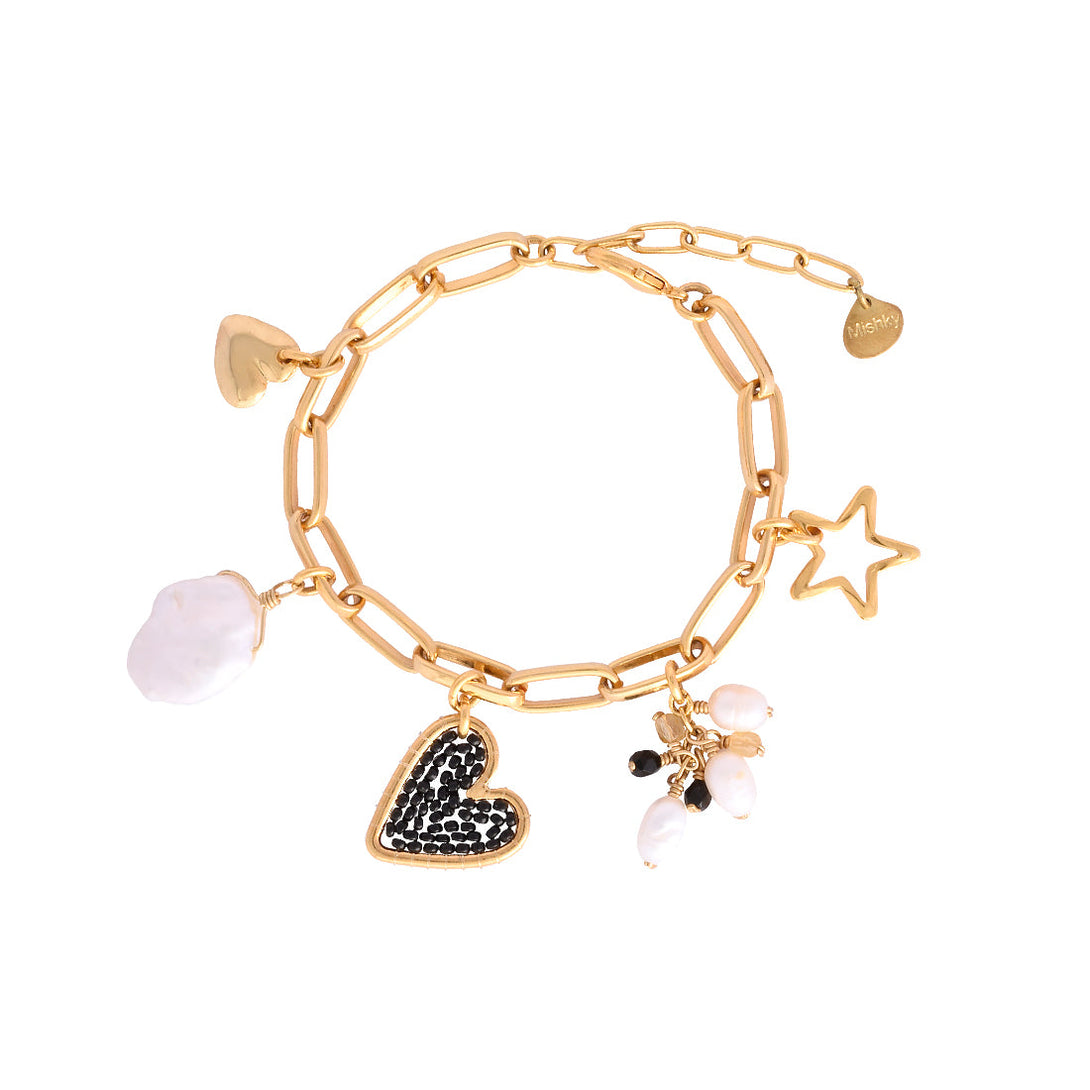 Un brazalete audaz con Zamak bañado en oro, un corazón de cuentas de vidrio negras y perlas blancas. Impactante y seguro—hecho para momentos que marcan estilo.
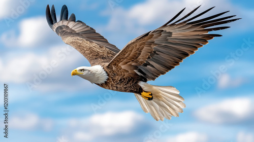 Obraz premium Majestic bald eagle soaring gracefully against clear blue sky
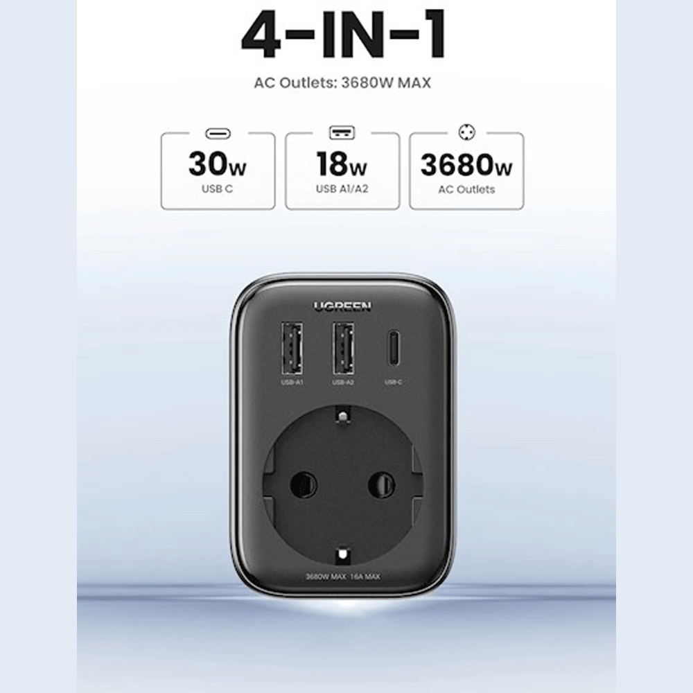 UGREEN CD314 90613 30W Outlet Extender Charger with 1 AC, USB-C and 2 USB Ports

● **Task details**
Print the material above exactly as it appears, but not its pictures.

● **Task solution**
 Un brazalete audaz con Zamak bañado en oro, un corazón de cuentas de vidrio negras y perlas blancas. Impactante y seguro—hecho para momentos que marcan estilo.
 Obraz premium Majestic bald eagle soaring gracefully against clear blue sky
 UGREEN CD314 90613 30W Outlet Extender Charger with 1 AC, USB-C and 2 USB Ports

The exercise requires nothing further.